Operator Log #0006
Object-Based Search, Performance Improvements, Bug Fixes
Oh my, it’s almost the end of July! Time goes by quick when you’re having fun 😊
We have a new endpoint in our API,
One of the most difficult parts about building search engines, or software products in general, is the UI/UX side of it — how do you present information in a way that’s easily digestible for end-users? At least on the search side, users are generally used to document-based result, i.e. for a webpage, with an included snippet of text.
As of today, we support these types of interfaces natively in our API, specifically, returning a set of objects for a given query along with a small snippet of text sourced from that document.
Little insider tip: Including a
title property in the metadata (where applicable) or within the properties of an object will improve results here, as the title is partially weighted in the search results. If you’re indexing HTML and/or Markdown documents, and don’t specify a title, we’ll do our best to extract it automatically.

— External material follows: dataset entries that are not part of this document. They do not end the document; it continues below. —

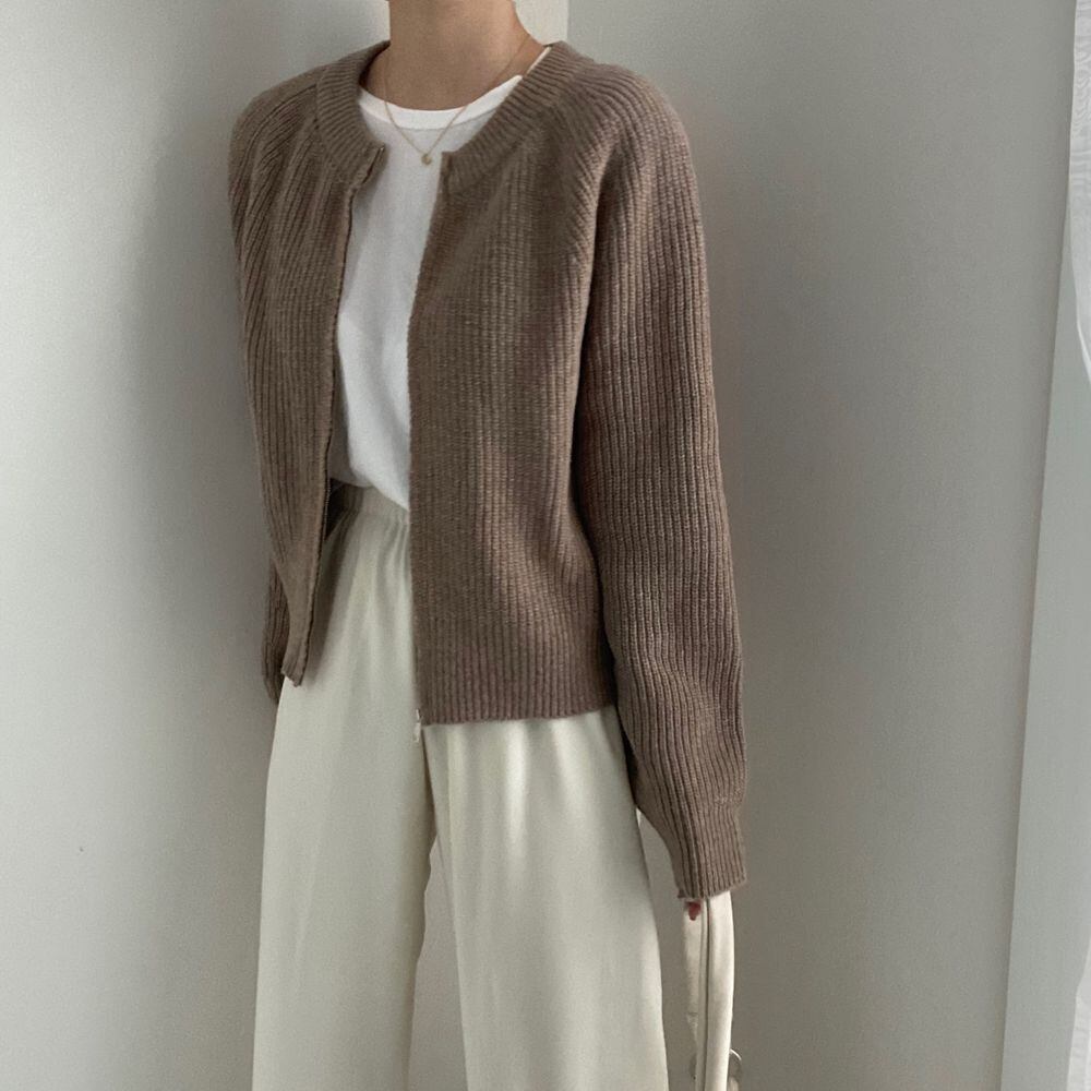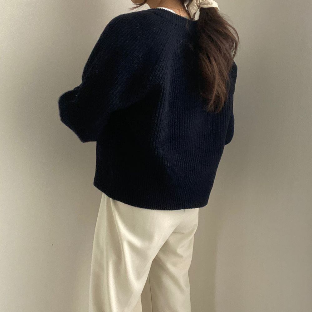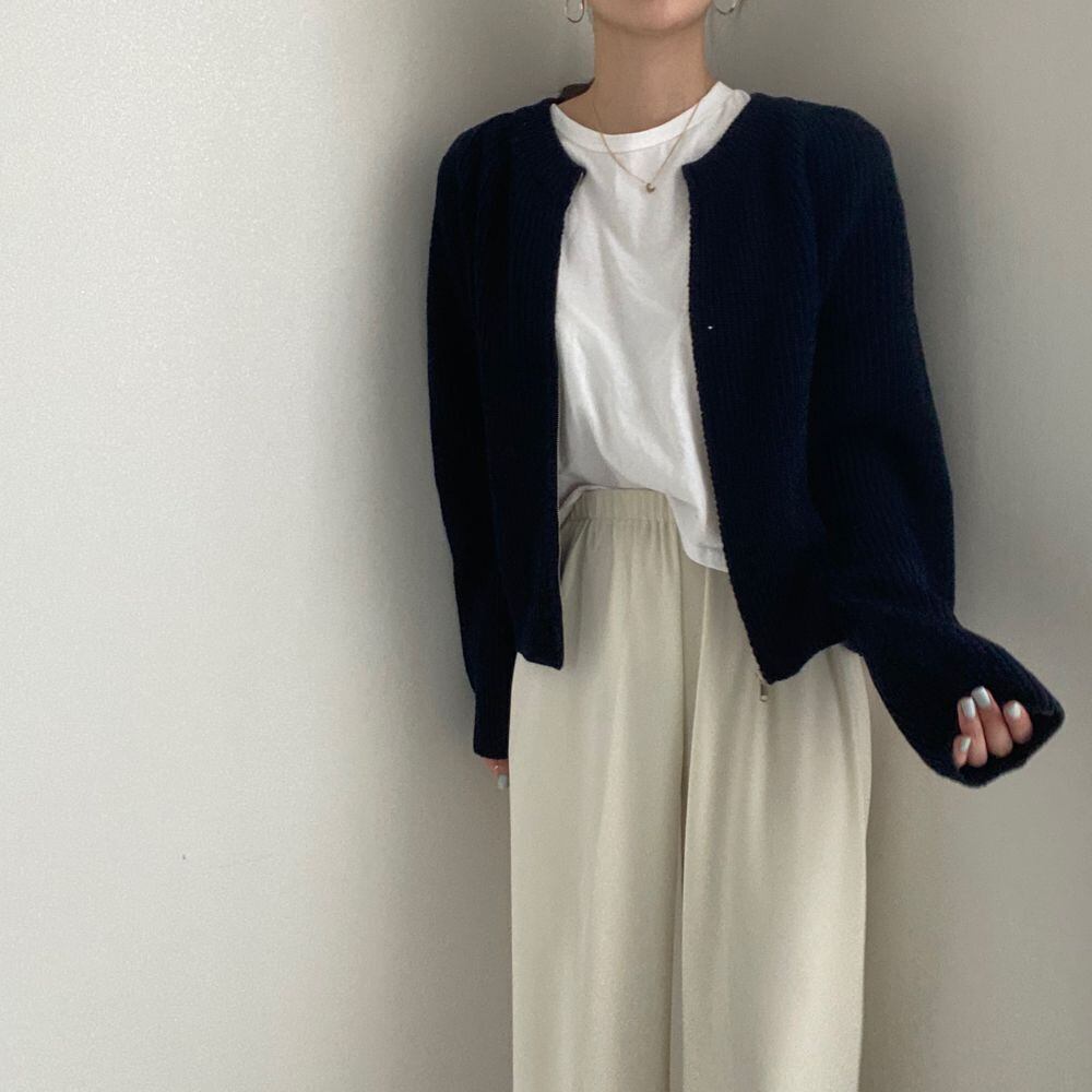 シンプルなシルエットの中にリブがアクセントになり、こなれ感を演出します。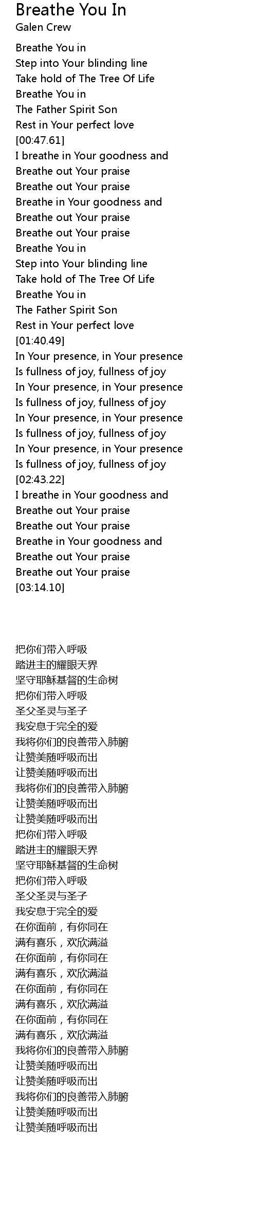 Breathe in Your goodness and |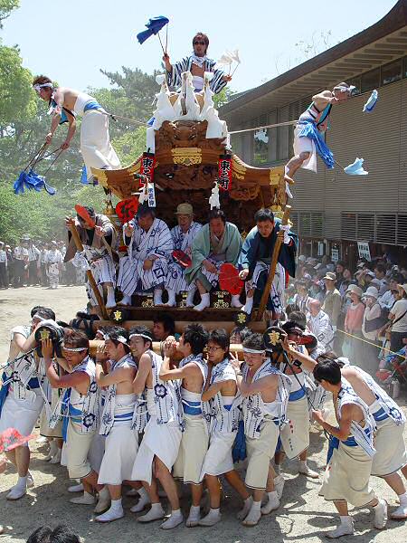 平成17年5月4日、4年ぶりに神戸市東灘区の弓弦羽神社宮入りに行きました。 弓弦羽神社には、御影地区8台のだんじりが宮入りします。 この日も暑いくらいの好天で、大勢の人で賑わっていました。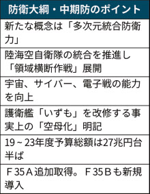 「多次元統合防衛力」 防衛大綱、与党に提示 2018/12/13 9:45 (2018/12/13 13:24更新)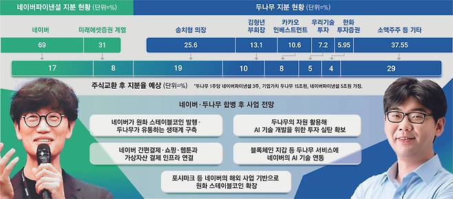28일 관련 업계에 따르면 현재 추진되는 네이버파이낸셜과 두나무의 결합은 각 분야(인터넷 플랫폼과 가상자산 거래소)의 국내 1위 주자들이 미래 성장을 도모하겠다는 두 수장(이해진 네이버 창업자 겸 이사회 의장·송치형 두나무 이사회 의장)의 강력한 의지가 작용한 결과다.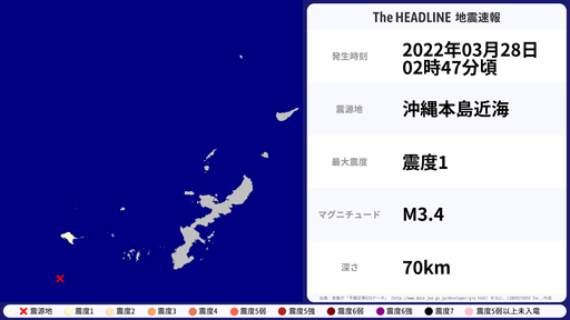 3月28日02時47分頃、沖縄県で最大震度1を観測する地震がありました。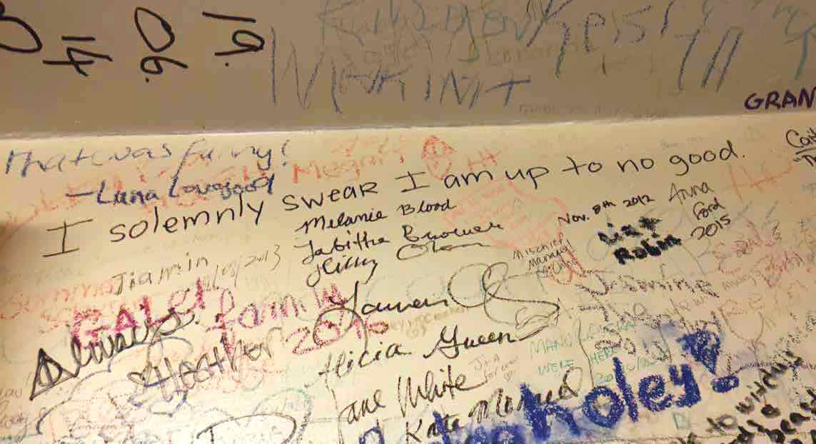 Harry Potter Graffiti ” I solemnly swear I am up to no good”, The Elephant House, Edinburgh. Photo by Nicola Alter (Available for Use Under Creative Commons Attribution-ShareAlike License CC BY SA 4.0)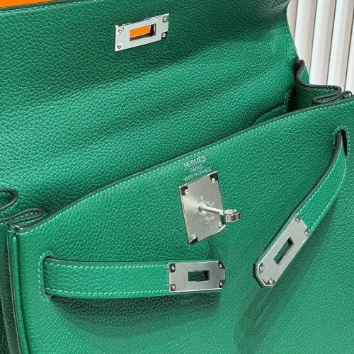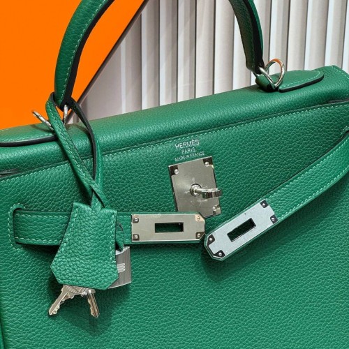 Зеленая сумка Hermes из натуральной кожи. Идеальное решение на каждый день. Носите сумку на съемном длинном ремне или в руках как модные героини фильмов и хроник. В нашем интернет-магазине вы можете купить копии сумок с доставкой по Москве и по всей России.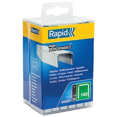 140/6mm Flatwire Staples: make fast work of a range of professional and DIY stapling tasks, including working with insulation material and thin plastics as well as thin cardboard and carpets Perfect For General Use: rust-resistant steel staples with precision cut legs for optimal material penetration, (ideal for working with insulation material, thin plastics, thin cardboard, and carpets) Specifications: No. 140 flatwire staples, 6mm leg length, 10.6mm breadth; our tools and staples are colour coded and marked with icons to make it easy to find the correct combinations. Pack of 5000 Device Compatibility: these 6mm staples for staple guns are equivalent to G / T50 / 140 / 11 / 4 staples. For Rapid tools: R14, R34, R44, R64, ALU740, ALU840, ALU940, R11, R311, E-tac, ESN114, PS111 High Quality For Best Results: we understand the importance of staple quality and recommend using Rapid original staples with your Rapid tools to achieve the best possible results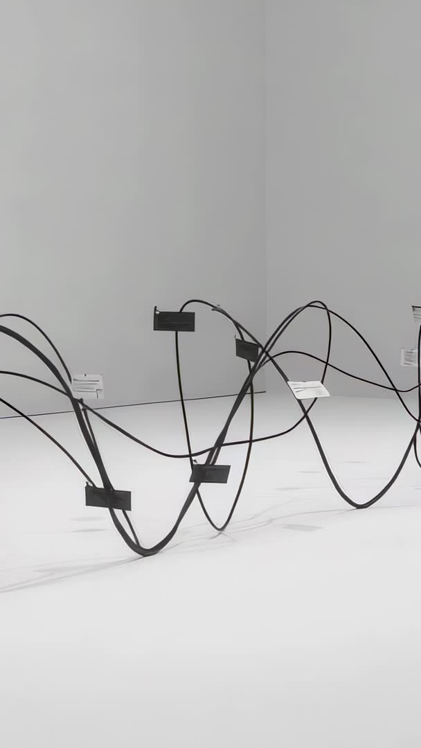 AI Generated Video. Panning across low black metal loops and placards in clean white gallery. Camera focusing on sinewave curves and small informational labels attached to rods. Minimal monochrome composition emphasizing negative space and shadow from sculptural lines. Footage working well for art exhibition promos, museum social media reels, contemporary art blogs, and background visuals for design presentations. Including title sequences, gallery event teasers, educational clips about sculpture, and product banners for modern art venues. Recommending slow crossfades, muted soundtrack, and subtle color grading to preserve minimal aesthetic.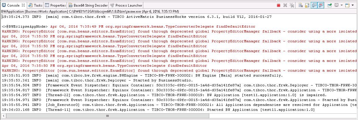 2. Click BusinessWorks Application > BWApplication in the left panel.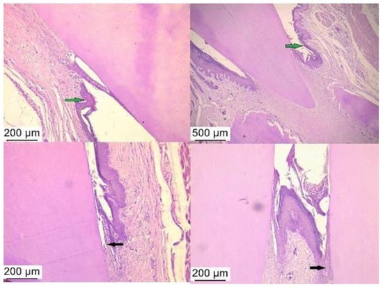 Histological aspect of periodontal tests showing reduced inflammatory infiltrate (black arrow) and periodontal sac free of cellular detritus (green arrow)—group with PD treated with bacterial lysate. Hematoxylin–eosin staining, ob. 4× and 10×.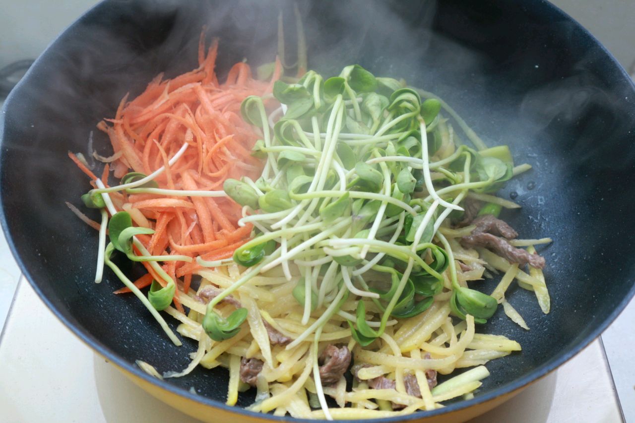 步骤14、在把胡萝卜丝,豆芽放入锅中。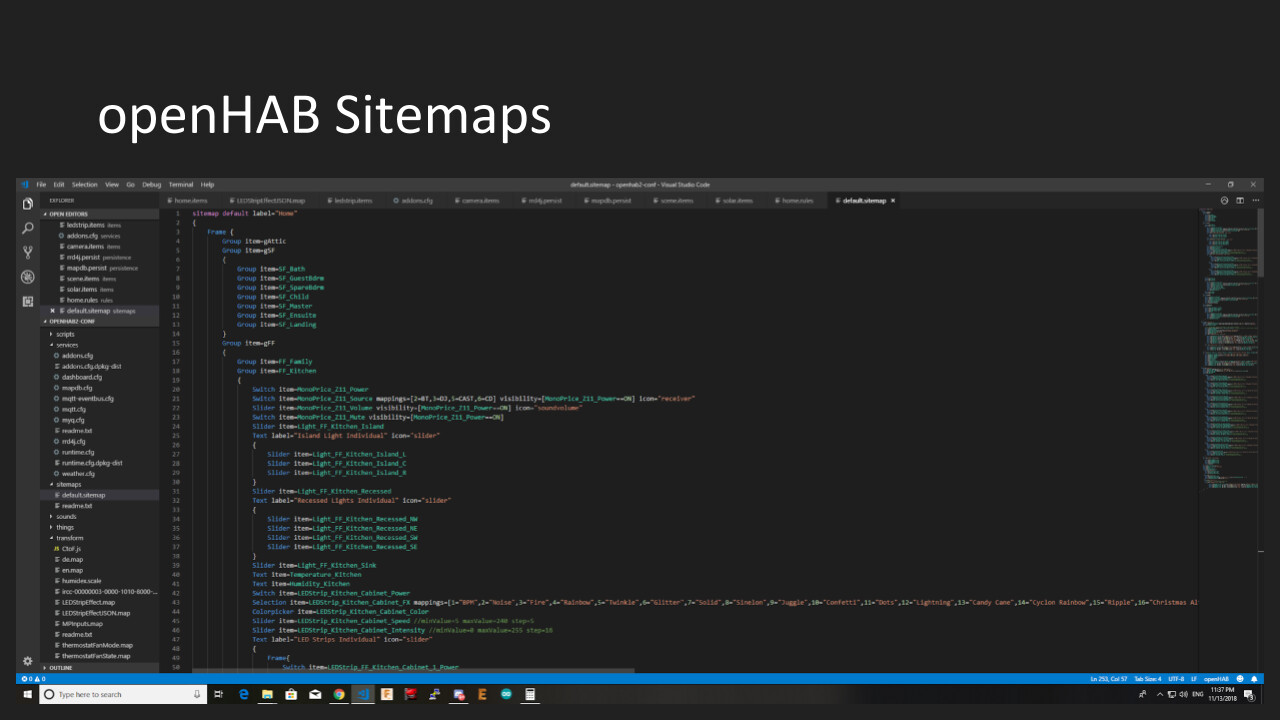 So, now let’s look at my actual sitemap definition file. Just like the rest of the openHAB configuration files, the .sitemap files live underneath the openhab-config file directory. And just like with items files, you can have multiple sitemap files. However; when you configure your user interface on your phone or the PaperUI, you will have to select only one of those files to show up. The way you do this, is by opening up PaperUI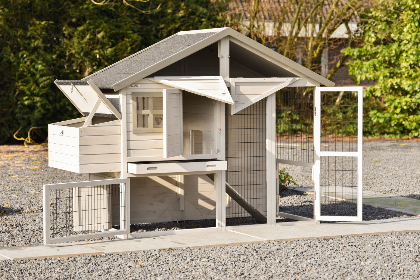 The wood, used for your pet house is a unique natural product which has been processed according to traditional methods in the country of origin, after careful selection. It is characteristic and unique in every way. This wood product has been manually processed. No single piece of wood is the same in shape, structure or color, so color shades are inevitable even within one piece of wood. Wind cracks, imperfections and the presence of large and small knots testify to their origin and years of growth. Bumps are usually manually updated with wood fill. Through use and through the influence of light, new pet houses will finally get a warmer color. Color differences in comparison with the show model or even among themselves are therefore usual. The pet house is stained in the colors as in the picture. You should do it once again to prevent mold and rot. You can easily order the stain together with the pet house.
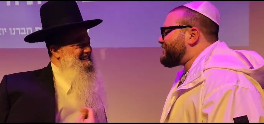 מזכה הרבים הגאון הרב יגאל כהן ראש מוסדות 'יביע אומר', מברך במאור פנים את הזמר אליאב זוהר במהלך אירוע חיזוק בעיר פתח תקווה.

We’ve also gone ahead and made a new pre-built search interface for object-based search. If you want to search over the objects within a collection, simply press CMD+K → Create public interface and select “object-search” in the Operand dashboard.
Here’s an example of the endpoint in action:
If you want to search over Paul Graham’s Essays yourself, here’s the shareable link 🙂
Search My Notion
We mentioned searchmynotion.com in the last Operator Log™️, but we officially shipped the site this week with along with the object based search endpoint. Thanks to everyone who checked it out and helped us find lots of bugs. It is a great example of using object-based search, and all of the code is public on our Github.
Spent a bit of time this week going through and optimizing some of our endpoints to handle larger collections of objects, or more specifically, large objects in general. We’ve made the following key performance improvements.
- Indexing large objects (i.e. Notion workspaces, RSS feeds) should now be considerably faster. For example, indexing an RSS feed of Paul Graham’s essays is now 1.7x faster (~13 minutes → ~5 minutes). We expect this to get even faster in the coming weeks.
- Deletions of large objects or collections should now also be significantly faster, up to 10x. Behind the scenes, we’ve offloaded a lot of this work onto background workers and avoided blocking the caller and/or timing out the HTTP request.
Bug Fixes / Improvements
- Fixed some concurrency issues within our engines, there was a pretty nasty race condition hiding in the depths of them involving our filtering logic.
- Fixed an issue with RSS feed indexing which prevented an RSS feed from being properly indexed if one of the feed items weren’t able to be indexed. We now take a “best effort” approach here, meaning we “do our best” to index all the feed items we can.
- Fixed an issue with our indexing pipeline where Notion page titles wouldn’t be properly indexed within object based search.